» **THE TASK**
Only the lines from the one containing "セルフカウンターに並び、注文" through the last line below belong in your copy; transcribe them exactly and omit any pictures.

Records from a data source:
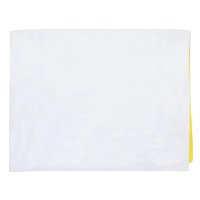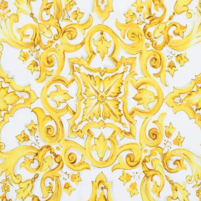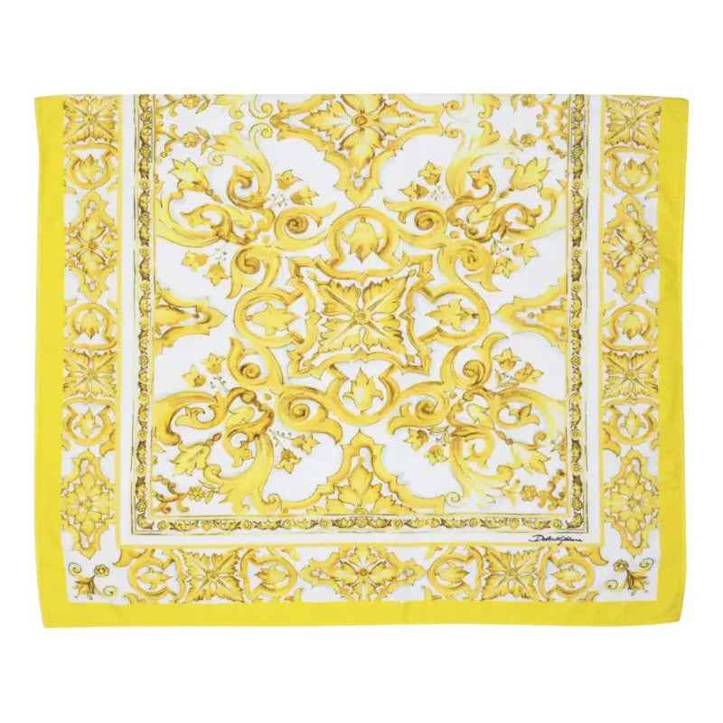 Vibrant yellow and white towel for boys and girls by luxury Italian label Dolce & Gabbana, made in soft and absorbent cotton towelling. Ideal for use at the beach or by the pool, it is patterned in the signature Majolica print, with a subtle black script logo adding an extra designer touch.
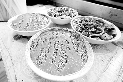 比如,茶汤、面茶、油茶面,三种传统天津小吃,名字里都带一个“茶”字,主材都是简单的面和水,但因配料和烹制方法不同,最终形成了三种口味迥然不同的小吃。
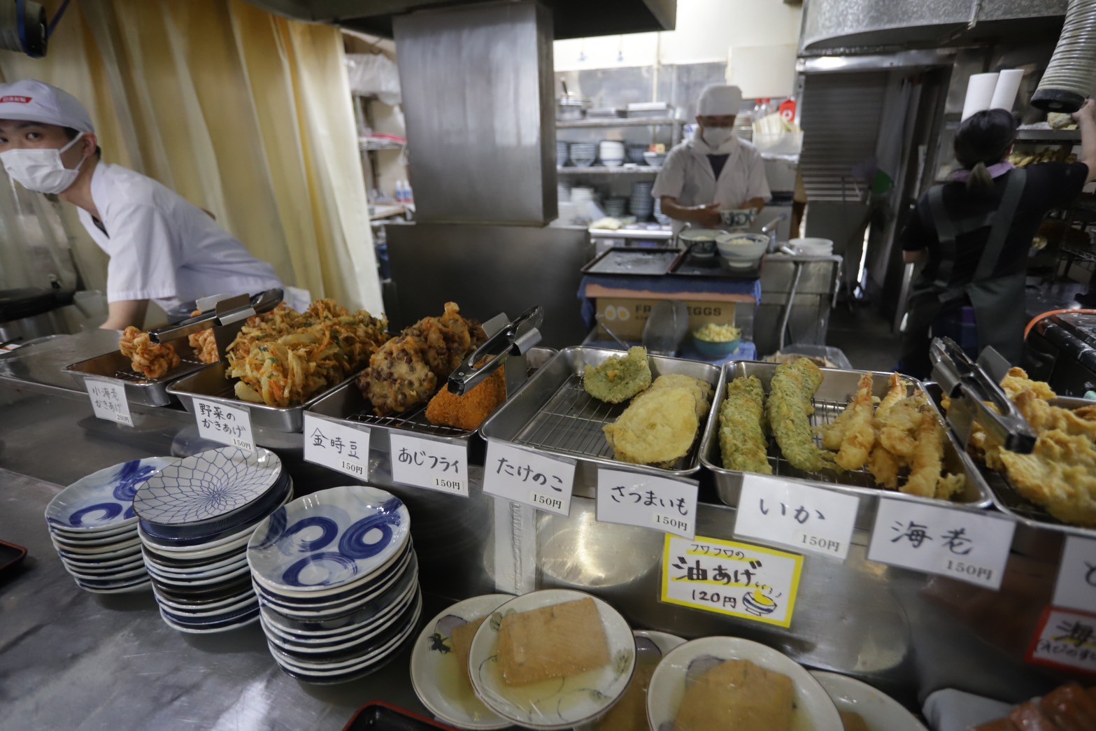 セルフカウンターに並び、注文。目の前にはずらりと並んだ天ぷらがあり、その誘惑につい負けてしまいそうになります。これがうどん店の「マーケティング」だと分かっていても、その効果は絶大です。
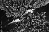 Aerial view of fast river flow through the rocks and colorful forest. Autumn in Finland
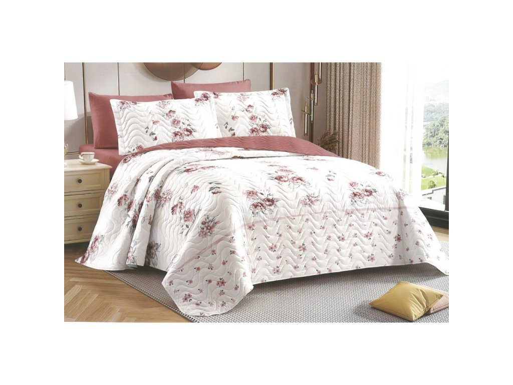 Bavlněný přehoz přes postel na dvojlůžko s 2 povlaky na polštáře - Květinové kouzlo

» **ANSWER BOX**
 セルフカウンターに並び、注文。目の前にはずらりと並んだ天ぷらがあり、その誘惑につい負けてしまいそうになります。これがうどん店の「マーケティング」だと分かっていても、その効果は絶大です。
 Aerial view of fast river flow through the rocks and colorful forest. Autumn in Finland
 Bavlněný přehoz přes postel na dvojlůžko s 2 povlaky na polštáře - Květinové kouzlo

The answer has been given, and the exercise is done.